Omega-3 fatty acids prevent seizure related memory loss: Study
Brazil: Dietary omega-3 polyunsaturated fatty acids (n-3 PUFAs) had a positive impact on the glutamatergic system during seizure and helped in the prevention of seizure-related memory loss in adulthood, according to a recent study in the journal Nutritional Neuroscience.
The glutamatergic system is a fast-signalling system essential for processing of information in neuronal networks of the neocortex and hippocampus in particular. Glutamate is involved in the long-term potentiation process which is a neuronal model of memory.
Omega-3s are found naturally in some foods and are added to some fortified foods. The dietary sources of omega-3s include Fish and other seafood,Nuts and seeds,Plant oils and fortified foods such as certain brands of eggs, yogurt, juices, milk, soy beverages.
Júlia D. Moreira, Universidade Federal de Santa Catarina, Brazil, and colleagues investigated the influence of dietary n-3 PUFAs on glutamatergic system modulation after a single episode of neonatal seizures and their possible effects on seizure-induced long-lasting behavioral deficits.
Male Wistar rats receiving an omega-3 diet (n-3) or an n-3 deficient diet (D) from the prenatal period were subjected to a kainate-induced seizure model at P7. Glutamate transporter activity and immunocontents (GLT-1 and GLAST) were assessed in the hippocampus at 12, 24, and 48 h after the seizure episode. Fluorescence intensity for glial cells (GFAP) and neurons (NeuN) was assessed 24 h after seizure in the hippocampus. Behavioral analysis (elevated-plus maze and inhibitory avoidance memory task) was performed at 60 days of age.
Key findings of the study include:
- The D group showed a decrease in glutamate uptake 24 h after seizure.
- In this group only, the GLT1 content increased at 12 h, followed by a decrease at 24 h.
- GLAST increased up to 24 h after seizure. GFAP fluorescence was higher, and NeuN fluorescence decreased, in the D group independent of seizures.
- In adulthood, the D group presented memory deficits independent of seizures, but short-term memory (1.5 h after a training session) was abolished in the D group treated with kainate.

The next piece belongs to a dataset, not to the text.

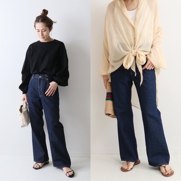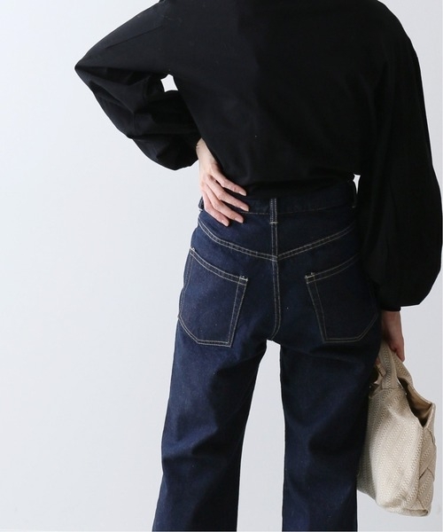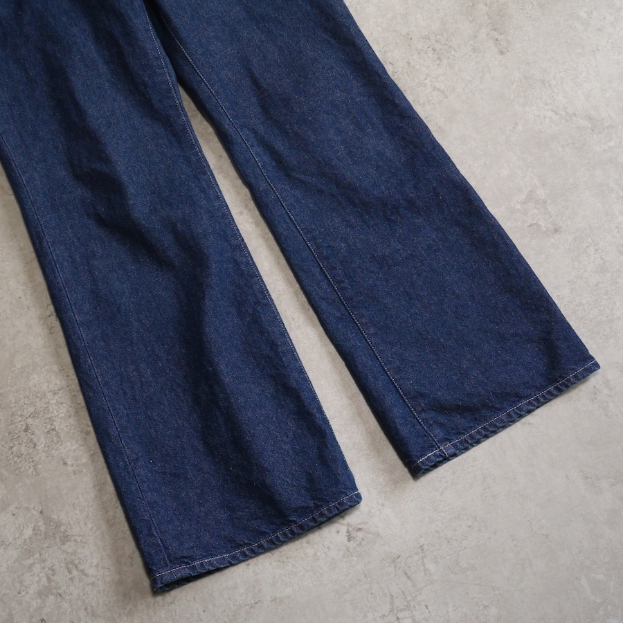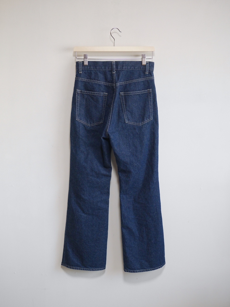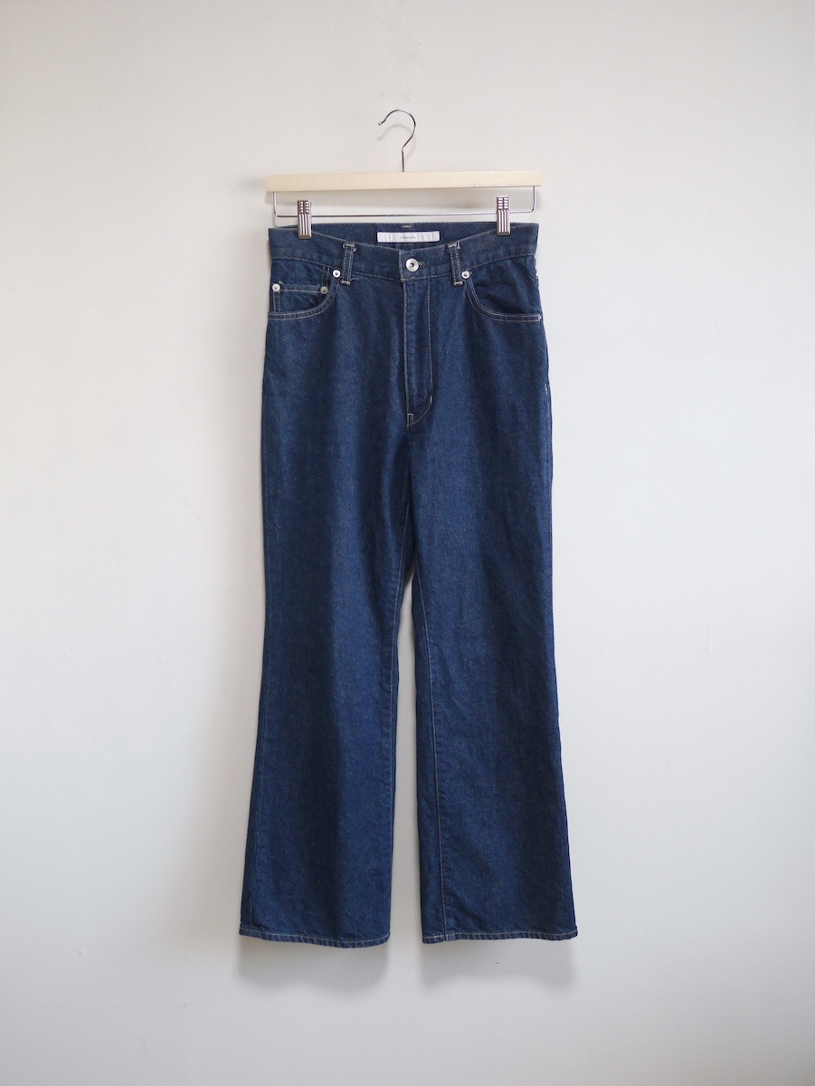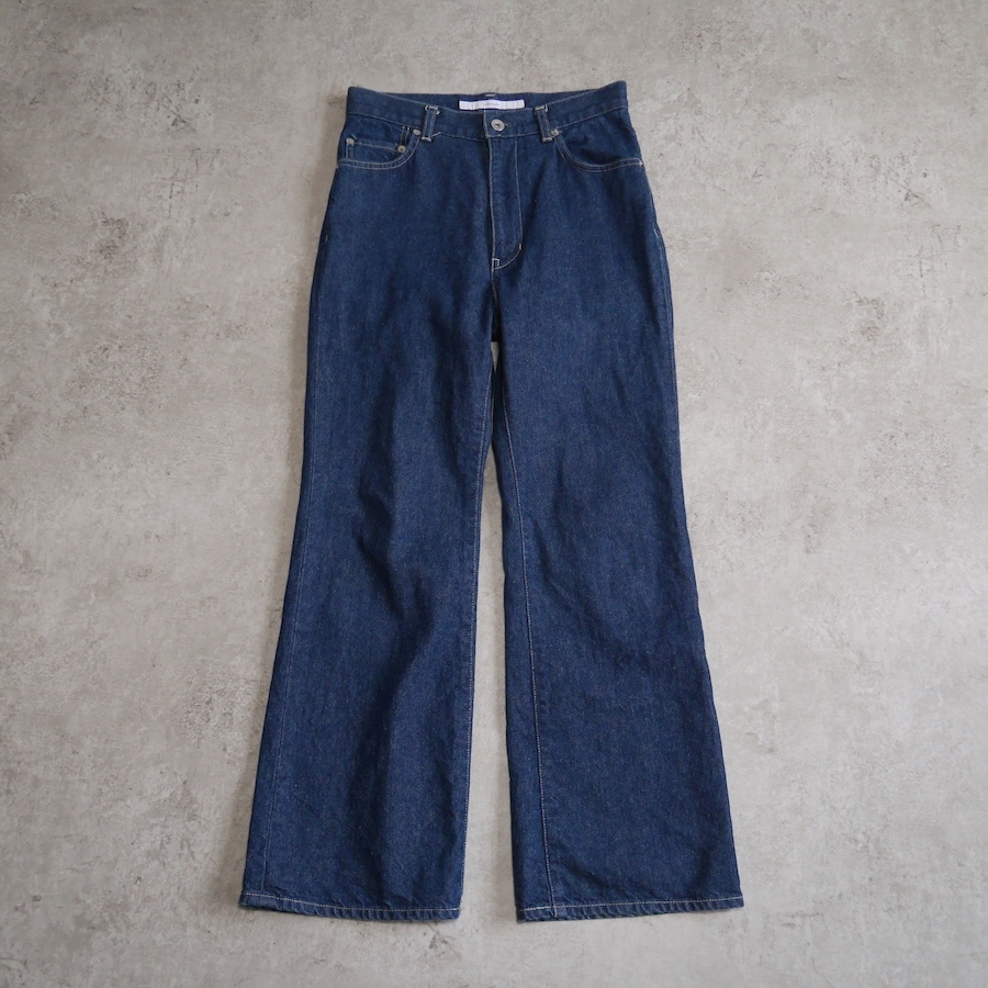 膝下から緩やかに広がるセミフレアシルエットのデニムパンツ。 ウエスト周りはタイト過ぎないサイズ感なので履き心地も良く、幅広いスタイリングにお使いいただけます。 定価17600円です。
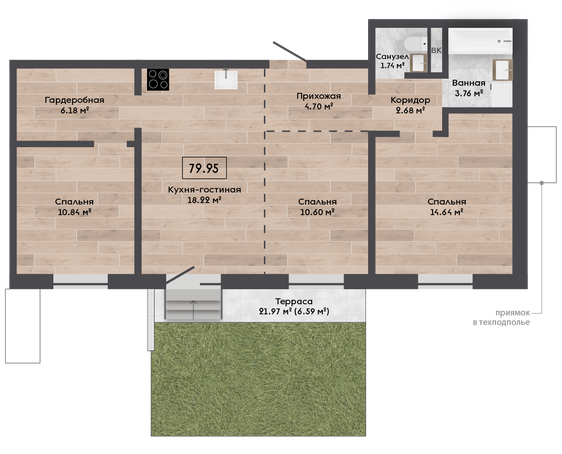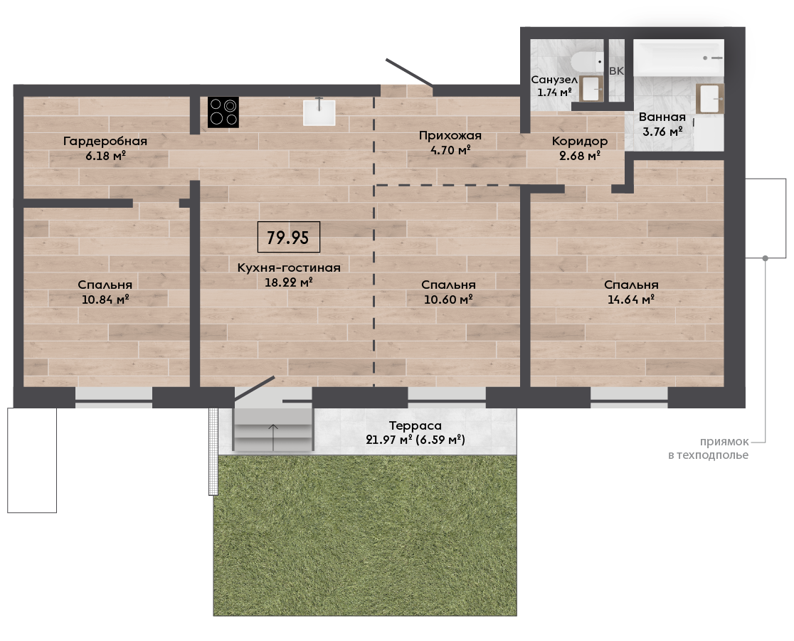 | 79,95 м² Площадь квартиры | 2,7 м Высота потолков | 21,97 м² Площадь участка |

"N-3 PUFA positively influenced the glutamatergic system during seizure and prevented seizure-related memory deficits in adulthood," concluded the authors.
The study, "Dietary omega-3 fatty acids prevent neonatal seizure-induced early alterations in the hippocampal glutamatergic system and memory deficits in adulthood," is published in the journal Nutritional Neuroscience.